:: Task item ::
Would you please set down the data again exactly as given, excluding the pictures?

:: Exercise data ::

BEGIN

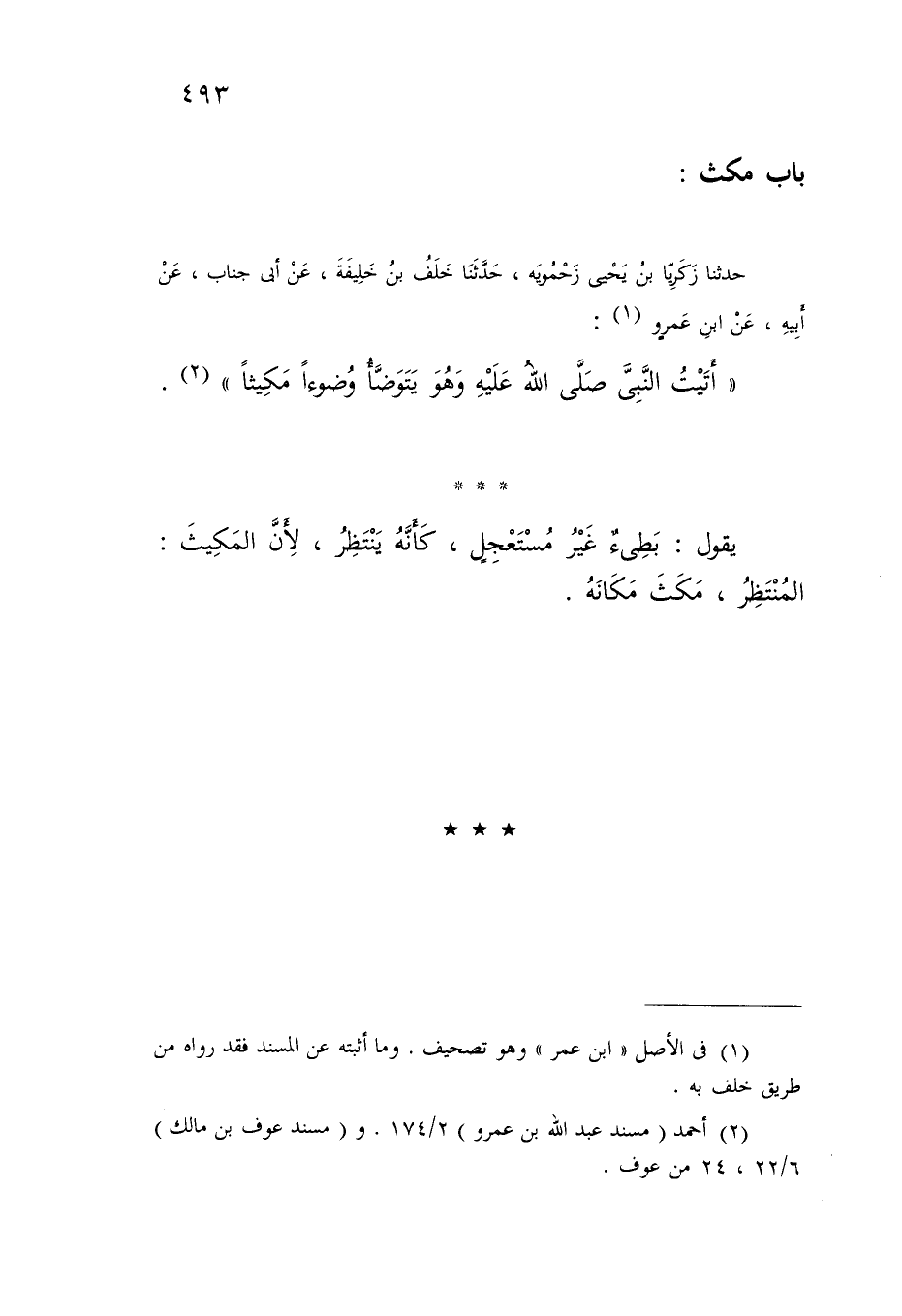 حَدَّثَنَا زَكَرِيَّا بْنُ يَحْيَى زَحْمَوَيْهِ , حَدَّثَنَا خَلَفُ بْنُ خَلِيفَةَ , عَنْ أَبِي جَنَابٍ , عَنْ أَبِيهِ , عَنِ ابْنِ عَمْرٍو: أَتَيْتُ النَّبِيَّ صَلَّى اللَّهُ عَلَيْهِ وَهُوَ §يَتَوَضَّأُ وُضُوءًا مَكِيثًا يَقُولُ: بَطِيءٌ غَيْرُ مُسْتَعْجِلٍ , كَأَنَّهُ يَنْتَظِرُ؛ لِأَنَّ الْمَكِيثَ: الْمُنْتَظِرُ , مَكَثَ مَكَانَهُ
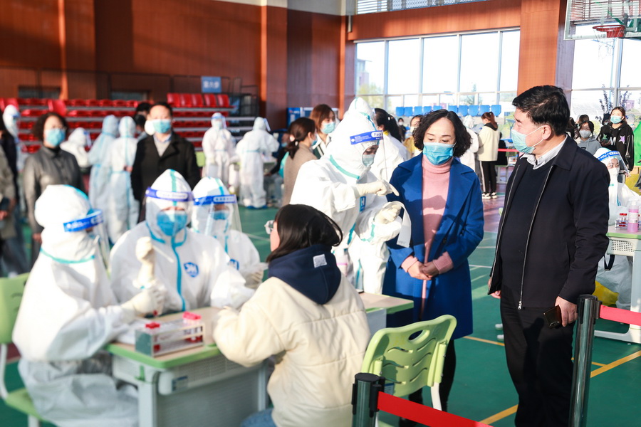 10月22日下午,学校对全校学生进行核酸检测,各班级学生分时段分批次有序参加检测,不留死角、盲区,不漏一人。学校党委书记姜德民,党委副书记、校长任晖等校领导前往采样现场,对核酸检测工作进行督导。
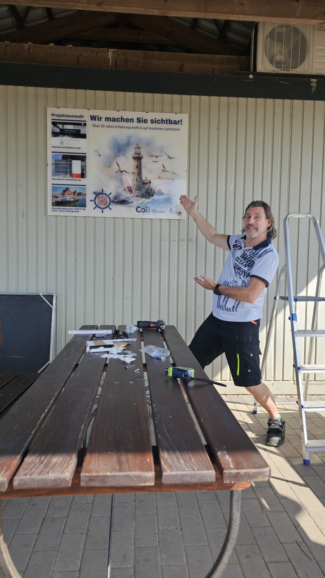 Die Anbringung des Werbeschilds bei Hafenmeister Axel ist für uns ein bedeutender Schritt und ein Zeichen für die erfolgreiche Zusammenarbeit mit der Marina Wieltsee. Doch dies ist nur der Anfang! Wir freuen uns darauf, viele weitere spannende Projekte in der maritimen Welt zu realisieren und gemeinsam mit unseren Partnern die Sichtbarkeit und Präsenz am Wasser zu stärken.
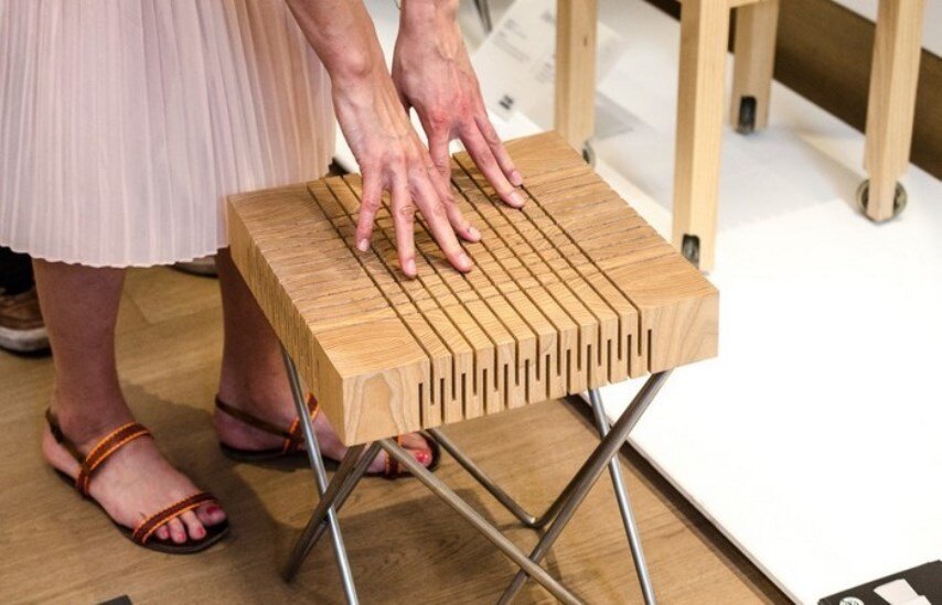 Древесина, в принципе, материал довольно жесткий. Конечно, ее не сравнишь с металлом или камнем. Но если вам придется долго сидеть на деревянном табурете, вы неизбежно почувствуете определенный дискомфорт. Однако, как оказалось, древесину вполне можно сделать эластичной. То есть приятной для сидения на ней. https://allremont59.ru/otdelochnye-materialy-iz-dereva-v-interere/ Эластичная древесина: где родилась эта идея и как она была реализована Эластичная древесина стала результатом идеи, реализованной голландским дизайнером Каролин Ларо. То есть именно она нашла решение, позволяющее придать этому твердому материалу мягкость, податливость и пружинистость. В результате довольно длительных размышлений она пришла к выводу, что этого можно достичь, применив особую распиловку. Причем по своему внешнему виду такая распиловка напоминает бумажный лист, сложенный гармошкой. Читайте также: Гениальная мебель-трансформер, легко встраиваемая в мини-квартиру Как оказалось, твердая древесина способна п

END

:: Output for this exercise ::
 حَدَّثَنَا زَكَرِيَّا بْنُ يَحْيَى زَحْمَوَيْهِ , حَدَّثَنَا خَلَفُ بْنُ خَلِيفَةَ , عَنْ أَبِي جَنَابٍ , عَنْ أَبِيهِ , عَنِ ابْنِ عَمْرٍو: أَتَيْتُ النَّبِيَّ صَلَّى اللَّهُ عَلَيْهِ وَهُوَ §يَتَوَضَّأُ وُضُوءًا مَكِيثًا يَقُولُ: بَطِيءٌ غَيْرُ مُسْتَعْجِلٍ , كَأَنَّهُ يَنْتَظِرُ؛ لِأَنَّ الْمَكِيثَ: الْمُنْتَظِرُ , مَكَثَ مَكَانَهُ
 10月22日下午,学校对全校学生进行核酸检测,各班级学生分时段分批次有序参加检测,不留死角、盲区,不漏一人。学校党委书记姜德民,党委副书记、校长任晖等校领导前往采样现场,对核酸检测工作进行督导。
 Die Anbringung des Werbeschilds bei Hafenmeister Axel ist für uns ein bedeutender Schritt und ein Zeichen für die erfolgreiche Zusammenarbeit mit der Marina Wieltsee. Doch dies ist nur der Anfang! Wir freuen uns darauf, viele weitere spannende Projekte in der maritimen Welt zu realisieren und gemeinsam mit unseren Partnern die Sichtbarkeit und Präsenz am Wasser zu stärken.
 Древесина, в принципе, материал довольно жесткий. Конечно, ее не сравнишь с металлом или камнем. Но если вам придется долго сидеть на деревянном табурете, вы неизбежно почувствуете определенный дискомфорт. Однако, как оказалось, древесину вполне можно сделать эластичной. То есть приятной для сидения на ней. https://allremont59.ru/otdelochnye-materialy-iz-dereva-v-interere/ Эластичная древесина: где родилась эта идея и как она была реализована Эластичная древесина стала результатом идеи, реализованной голландским дизайнером Каролин Ларо. То есть именно она нашла решение, позволяющее придать этому твердому материалу мягкость, податливость и пружинистость. В результате довольно длительных размышлений она пришла к выводу, что этого можно достичь, применив особую распиловку. Причем по своему внешнему виду такая распиловка напоминает бумажный лист, сложенный гармошкой. Читайте также: Гениальная мебель-трансформер, легко встраиваемая в мини-квартиру Как оказалось, твердая древесина способна п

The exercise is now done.